Dalam konteks sekarang ini, banyak sekali orang yang berbuat zalim kepada pemimpin-pemimpinnya. Masih menyangkut pilpres yang dilaksanakan sekitar satu bulan yang lalu, banyak berita hoaks, provokatif, adu domba, yang dilontarkan oleh para pendukung Capres dan Cawapres. Berita-berita ini tak jarang menyudutkan salah satu Paslon yang ada.
Pak Jokowi dihina sebagai antek Cina, PKI, anti-Islam, sedangkan Pak Prabowo dituduh sebagai pro khilafah, gila jabatan, gila harta, dan lain sebagainya. Hinaan, cacian, fitnah, adu domba dan henti-hentinya dilakukan oleh masyarakat Indonesia.
Apakah mereka tidak berpikir perbuatan mereka akan dipertanggungjawabkan di akhirat kelak?

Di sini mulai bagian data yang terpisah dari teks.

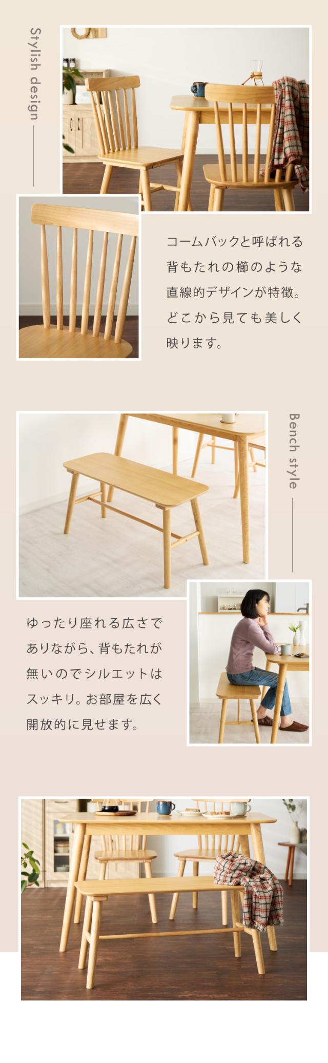 カフェ風 ダイニング4点セット 4人掛け 120×75cm ダイニングチェア ウィンザーチェア 天然木 オーク突板 ダイニング テーブル カフェテーブル ダイニングチェアー ナチュラル 木製 北欧(代引

Lantas semua amal kebajikan mereka akan diberikan pada Pak Jokowi dan pak Prabowo sedangkan dosa-dosa Pak Jokowi dan Prabowo akan diberikan kepada mereka.
Bisa dibayangkan, berapa banyak orang yang menghina keduanya, hampir jutaan penduduk Indonesia yang telah menghina dan memfitnah salah satu dari keduanya. Betapa banyak pahala yang diterima masing-masing Paslon, betapa banyak orang yang mananggung dosa masing-masing paslon. Sedangkan mereka tidak mampu ataupun tidak mau untuk meminta maaf di momen lebaran kali ini atau bahkan untuk selamanya.
Agama yang harusnya menjadi alat perdamaian justru dijadikan senjata untuk menyerang lawan. Agama yang harusnya menjadi penyejuk suasana politik berubah menjadi kobaran api untuk menyerang musuh politik. Ini juga termasuk perbuatan zalim kepada agama.
Semoga Allah mengampuni dosa-dosa kita serta tidak membinasakan bangsa ini akibat perbuatan-perbuatan dosa.